Now we're seeing launching programs continuing to pick up and that's been a big driver of what is driving those better margins and we'll continue to do next year.
Helpful. Thank you. And then one last question, maybe for Jim or for Mark actually. So on the industrial side, I think if you take a look at it right now, it really looks underappreciated within your share price. So when I take a look at Skyjack, even though you've got some positive or stable trends now, utilization rates improving, fleets are aging, just wondering how quickly you can adjust the various upward trajectory levels.
And then at MacDon, also looks like industry trends are improving with commodity prices, etcetera. So maybe just comment on the state of inventory at your North American dealers, if you could?
MacDon, I mean, they're in the order intake time right now, and we see that ramping up. So and we're from a production perspective, very well prepared for that sort of increase. Dealers are good. I mean, the farmers actually have had a great season, I would say, in both Canada and The USA. So on MacDon side, I think we're ready to roll with that increase.
Skyjack is same.
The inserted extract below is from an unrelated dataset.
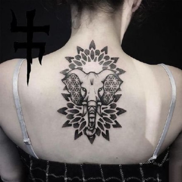 莲花图腾:适合女生做在后背的莲花纹身图片
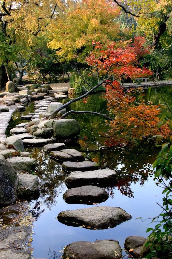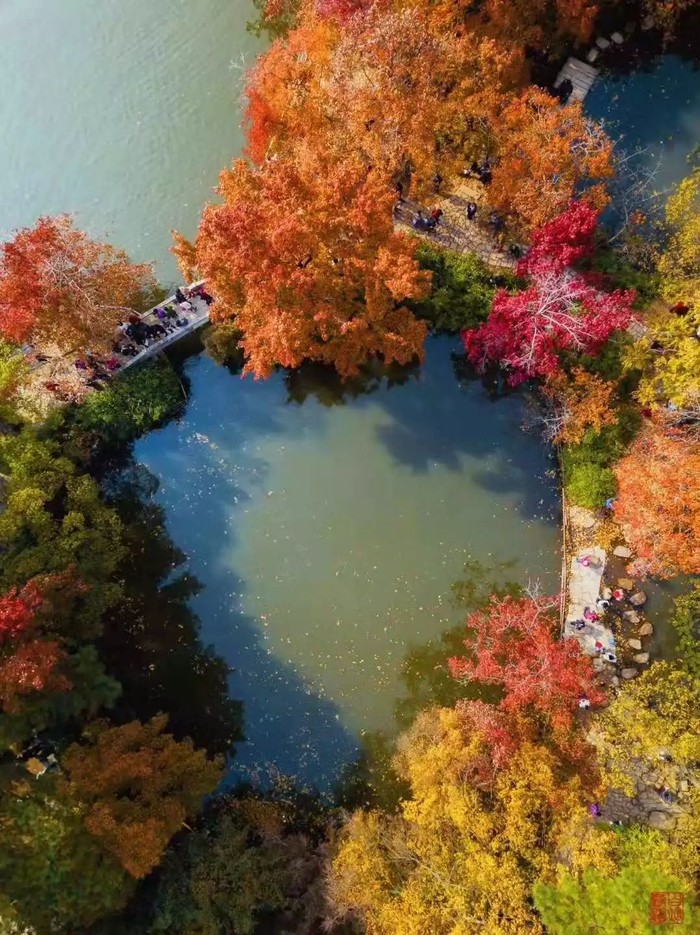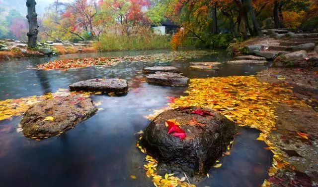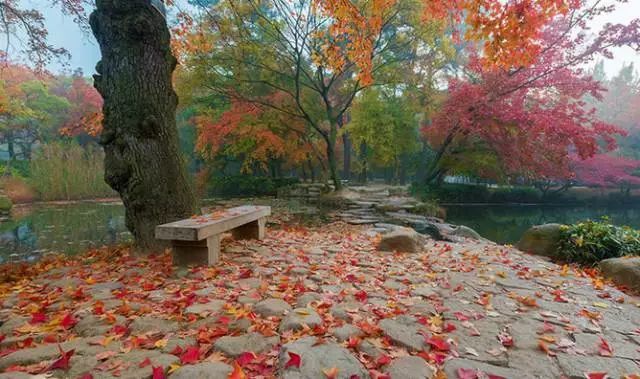 往红枫深处行走,风景最好的地方围绕在几池湖水边。

We're planning on it. So again, with our suppliers, production side and for us, it's really going through with distribution to the rental companies and those are going to flow through well.
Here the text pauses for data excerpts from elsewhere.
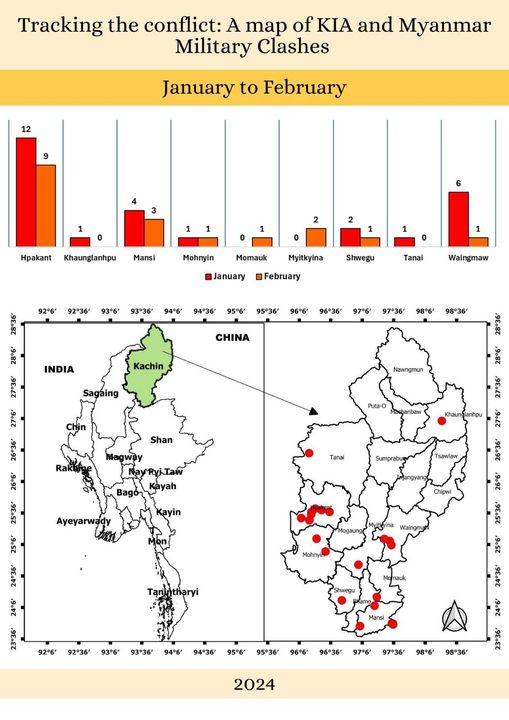 ၂၀၂၄ ခုနှစ် ဇန်နဝါလ နှင့် ဖေဖော်ဝါရီလ အတွင်းတွင် ကချင်ပြည်နယ်၌ စစ်ကောင်စီတပ်နှင့် ပြည်သူ့စစ်ပူပေါင်းတပ်တို့ကတစ်ဖက် ကချင်လွတ်လပ်ရေးတပ်မတော် (KIA)တပ် နှင့် PDF ပူးပေါင်းတပ်တို့ တစ်ဖက် တိုက်ပွဲပေါင်း (၄၅)ကြိမ်ဖြစ်ပွားခဲ့ပါသည်။
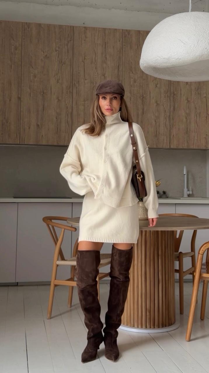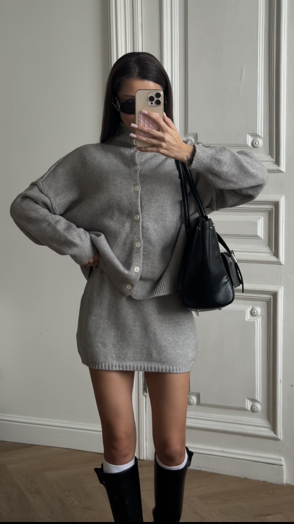 Komplet z miękkiej dzianiny to połączenie wygody i elegancji w najlepszym wydaniu. Sweter o lekko oversize’owym kroju z wysokim kołnierzem i guzikami tworzy idealne duo z dopasowaną spódniczką mini. Całość prezentuje się stylowo, kobieco i wyjątkowo przytulnie.
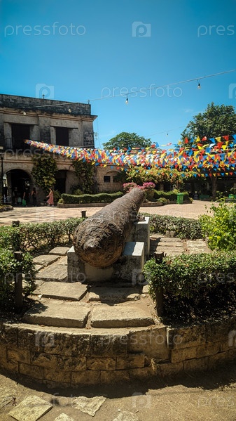 Пушка в форте Сан-Педро в Себу, Филиппины, представляет собой треугольную крепость с пышной зеленью, историческими пушками и видом на оживленный город
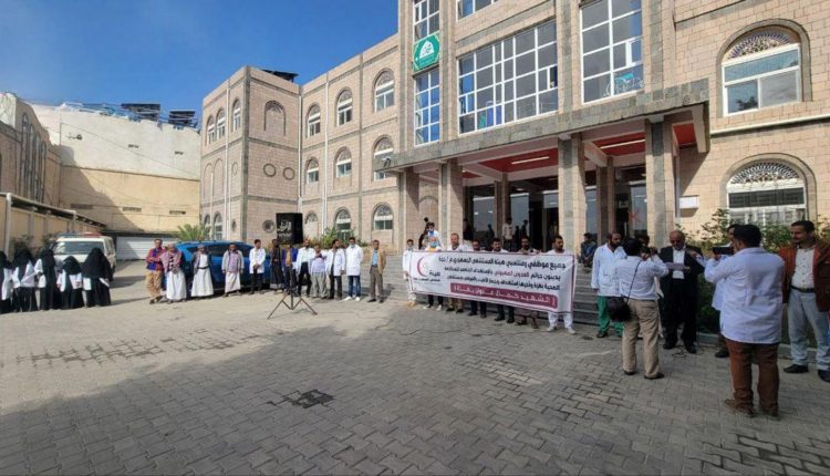 حجة.. وقفة احتجاجية لهيئة المستشفى الجمهوري تنديدًا بجرائم الكيان في غزة
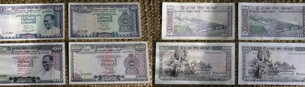 Contemplaremos en nuestra semejanza dos parejas de billetes cuya particularidad de emisión los data antes y después del cambio del nombre del país de Ceilán a Sri Lanka. Compararemos los ejemplares de 50 y 100 rupias del Central Bank of Ceylon de las series de 1971 y de 1977. Revisemos los billetes de 50 rupias de Ceilán de 1972, 100 rupias de Ceilán de 1975, 50 rupias de Sri Lanka de 1977 y 100 rupias de Sri Lanka de 1977.
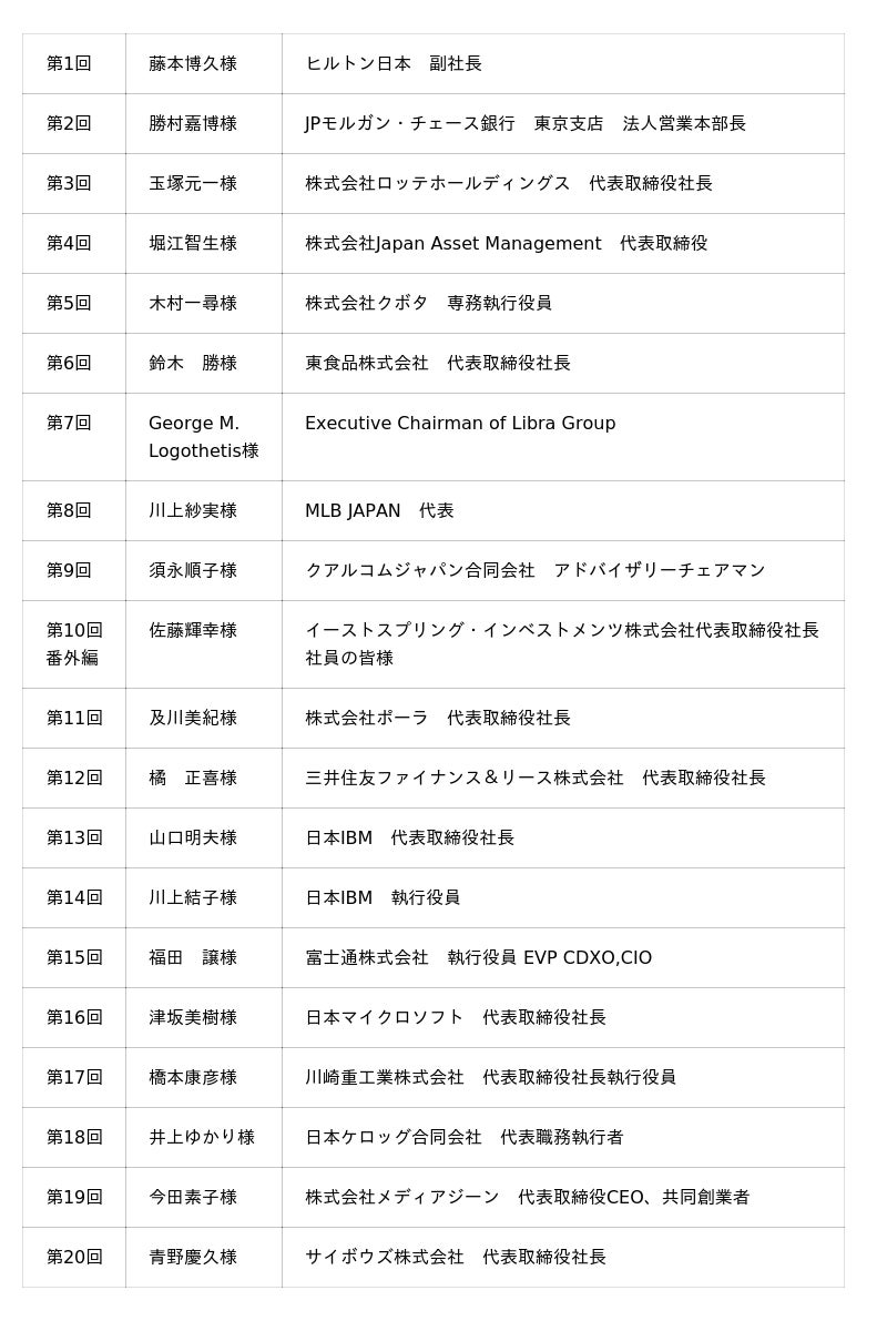■過去にご出演いただいた経営者の皆様(法人名・役職はインタビュー当時のもの)

Inventories at the on the ag side, dealers are been chipping away at inventories and they are dropping. So that is also another good sign. Now I think on the Skyjack side, as Jim mentioned, with a lot of new product, we've got a lot of prototypes that are just finishing up the prototype testing and everything. So we're actually as twenty twenty one increases production and sales requirements, we've got a lot of new models out there also. So I think we're in a good position for Skyjack.
And one other thing on the Skyjack side is, you know the rental companies, lot of them are selling off used right now, which is another indicator for us that there should be some pull on new.
Thank you all.
There are no further questions at this time. I'd like to turn the call back over to Linda Lawson Kraft for any closing comments.
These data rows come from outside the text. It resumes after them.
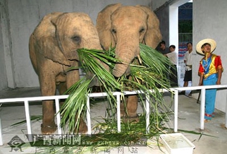 据帽合公园主任宾柳雄介绍,柳州已有六七年没有大象“定居”了,这次“非非”和“洲洲”将在柳州住上8至10年,她们都受过严格训练,可以为游人表演节目。在国庆节前,还将有2只海狮、2只海豹相继落户帽合公园动物园,届时,他们将和“非非”、“洲洲”同时为市民演出精彩的节目。广西新闻网-南国今报记者唐绍怡、钟华摄编辑:蒙卫芝作者:唐绍怡 钟华
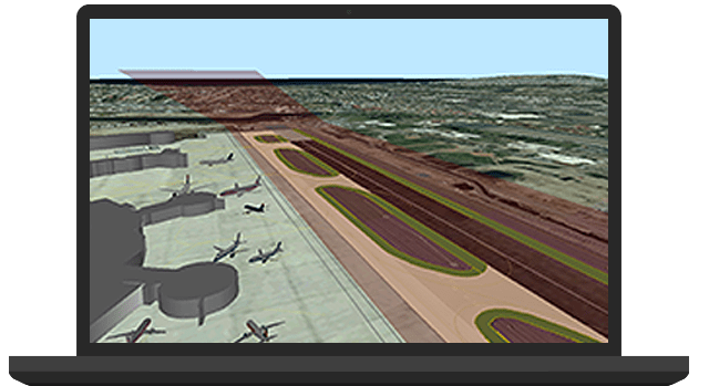 Visualize your airport assets such as signage and markings and your obstacle analysis results in two and three dimensions.
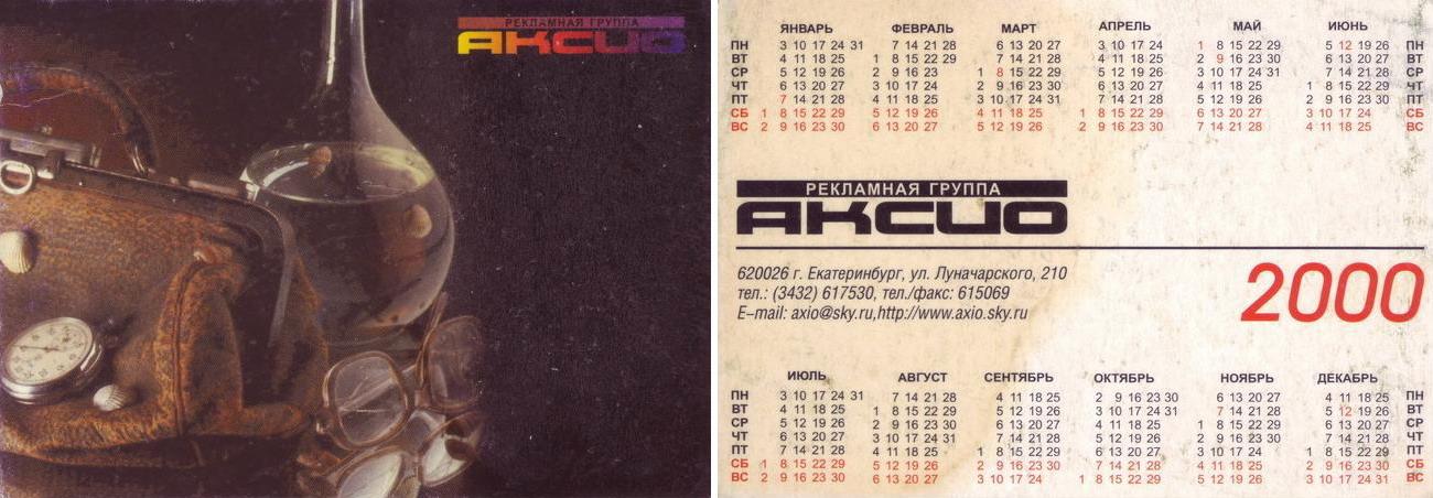 Карманный календарик "г.Екатеринбург. Рекламная группа «Аксио». 2000 г."

Thank you very much. Well, to conclude this evening, I'd like to leave you with three key messages. First, we are thrilled to have generated an outstanding $445,000,000 in free cash flow this quarter. Liquidity has reached $1,300,000,000 We have reduced debt more than $1,000,000,000 from a year ago and refinanced next year's debt to mitigate risk further. Our balance sheet looks fantastic.
Second, it's great to see despite challenges around restarting and lingering impact of COVID-nineteen on demand that launching business increased margins in the transportation sector. And finally, it's great to see those green shoots starting to pop up in terms of market growth at both MacDon, where market growth has already begun and at Skyjack where market growth is now expected in 2021. Thanks very much and have a great evening.
Ladies and gentlemen, this concludes today's conference call. We thank you for your participation. You may now disconnect.